About that phrase. I’m afraid that much overused quote is about as effective as “Let’s go to the quarry and throw stuff down there!”. It doesn’t mean jack to Republicans, and I have never seen a groundswell of support from the Left whenever anyone said it.
It’s not so much What he said. Well, it is. But really it the fact that this group of people, you know human beings stood there and let’s this man get away with it, yet again.
We know he’s nasty and a spoiled child. The alarm is we accept it. No one stands up to him. Of course you wouldn’t threaten or curse but you could say “that’s wrong, Mr.President, you don’t call names” he broke the wall of decorum.
It’s the same thing as these dem lawmakers making the video. For military people to stand against illegal orders. His underwear is in a right twist over this. Because he’s seeing the curtain coming down. If reporters, who are these human beings first, quit hanging on his every word, call him out if it’s a blantant falsehood or an ugly comment. He’ll eventually quit. It’s how you train kids and dogs.

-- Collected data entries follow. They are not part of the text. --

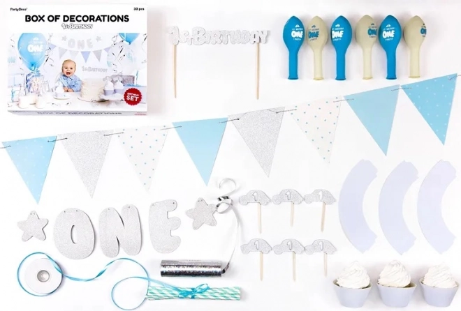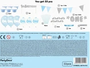 - Banner "One" (1 ks), papierová girlanda (1 ks), dekorácie na muffiny (6 ks), modré košíčky na muffiny (6 ks), topper na tortu (1 ks), slamky (10 ks), balóniky – mix vzorov (6 ks), strieborné serpentíny (1 ks), svetlomodrá saténová stuha (šírka 6 mm, 1 ks)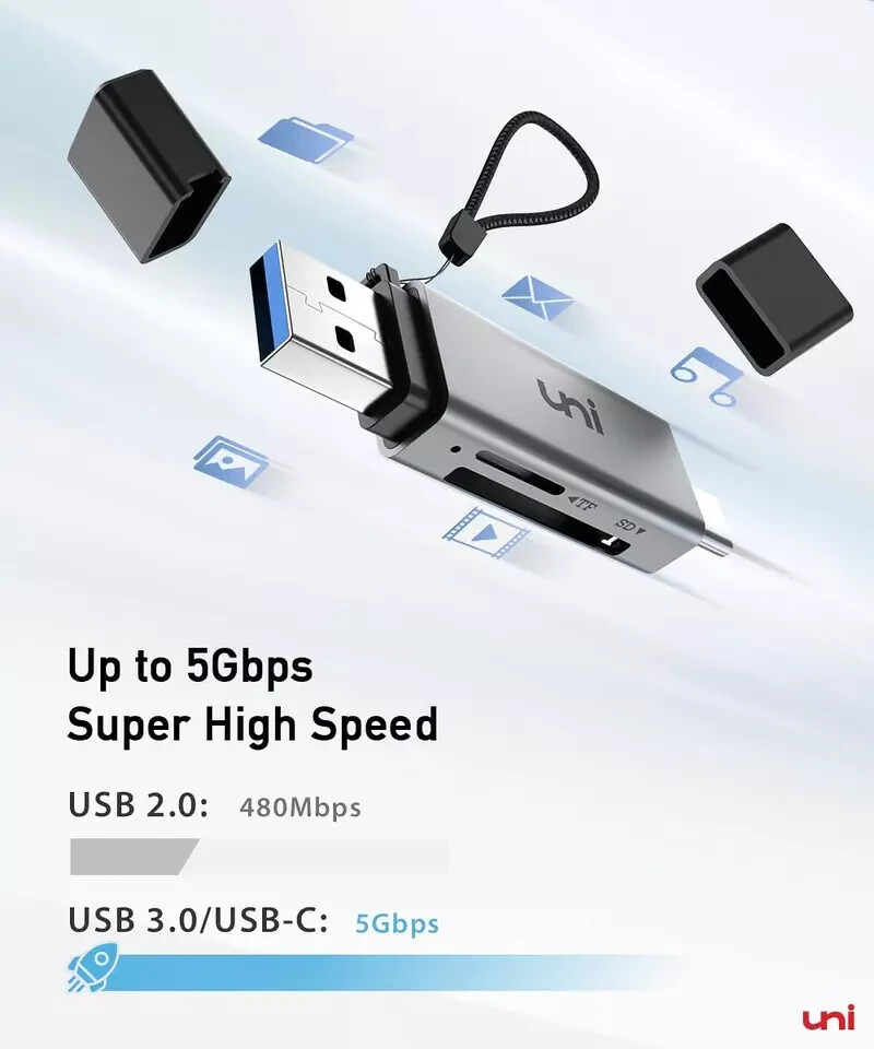 Uni SD Card Reader, High-Speed USB C to Micro SD Card Adapter USB 3.0 Dual Slots
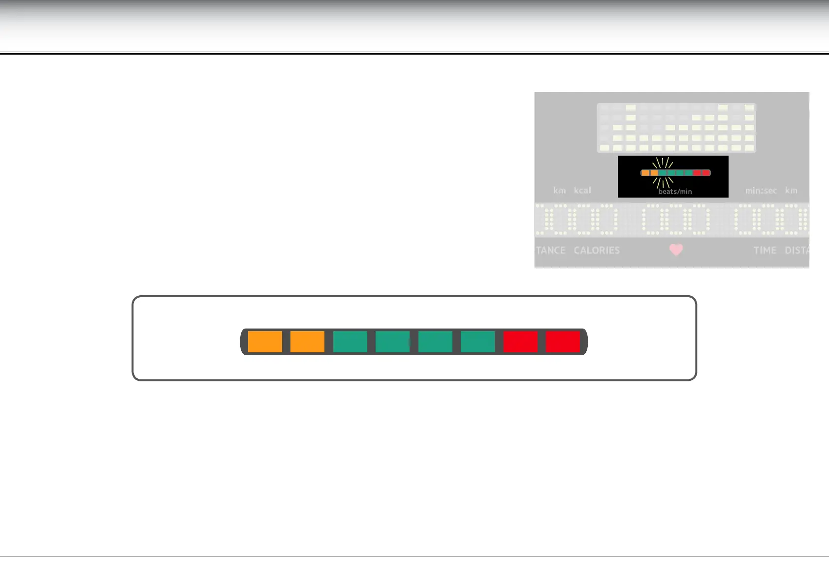 The rst two LEDs, coloured orange, signal a heart rate less than 60% of the theoretical maximum heart rate; the four central LEDs, coloured green, signal values

Nevertheless, “every accusation is a confession” is the truest thing said about the right and requires repeating after every accusation.
The depressing part is I’m not sure that’s true. It’s not like Trump’s immune from criticism. He’s immune from consequences. Obama would have been criticized widely for this. But that only matters because he and the Democrats actually cared about the office of the president and the unwritten conventions that hold the whole political system together
Trump has shown as long as your partisan base is behind you (or too scared of you to do anything meaningful to oppose you) can freely ignore all the criticism and ride roughshod over all those conventions, and there will be no comeuppance.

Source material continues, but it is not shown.